November 24, 2015

Two journalists went on trial at the Vatican today in an unusual proceeding in which they’re accused of illegally publishing claims of Vatican mismanagement based on confidential documents.

Reporters Gianluigi Nuzzi and Emiliano Fittipaldi both showed up before the Vatican court and, in theory, could face up to eight years in prison. The Vatican operates a different legal system than Italy and, though there is an extradition agreement between the two entities, it’s unclear if the two journalists could actually wind up in prison if convicted.

The early stages Tuesday included the judge spurning Fittipaldi’s request to dismiss the charges. The journalists’ fellow defendants are three individuals accused of leaking them the documents for use in two separate books.

“I am not afraid, I am calm,” Nuzzi wrote on Facebook, minutes before the first hearing.

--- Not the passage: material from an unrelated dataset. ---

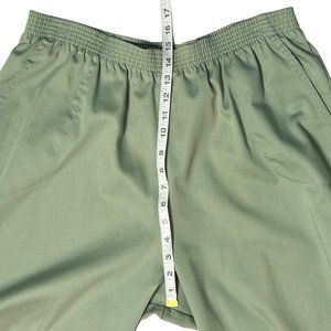 VTG Season Ticket Womens 22W Green Flat Front Elastic Waist Pants Front Pockets

“I have no intention to repent. It’s those who squandered money of the poor and weak, those who enjoy themselves in super attics at worshippers’ expenses that will have to repent,” he added in reference to revelations contained in Fittipaldi’s “Avarice” and his own “Merchants in the Temple.” “I will be in court at the Vatican to denounce a system of censorship that bans freedom of thought and information.”

Fittipaldi contended the the trial is an attack on press freedom. “In no other part of the world, at least in the part of the world that considers itself democratic, is there a crime of a scoop, a crime of publishing news,” he told AP.

The three others on trial include a monsignor, Father Lucio Angel Vallejo Balda. They’re accused of being the whistle-blowers who provided Nuzzi and Fittipaldi with material for the two books. The books were in part based on documents from a papal committee the three other defendants were part of and that reflected Pope Francis’ desire to overhaul the Vatican’s financial administration.

The journalists’ revelations included how substantial donations for a children’s hospital were instead used to redecorate the Rome attic of a controversial cardinal. In addition, they alleged that religious groups paid significant sums to secure sainthood for certain candidates.

The Committee to Protect Journalists (CPJ) is among the groups that have urged the Vatican to drop the charges against Nuzzi and Fittipaldi.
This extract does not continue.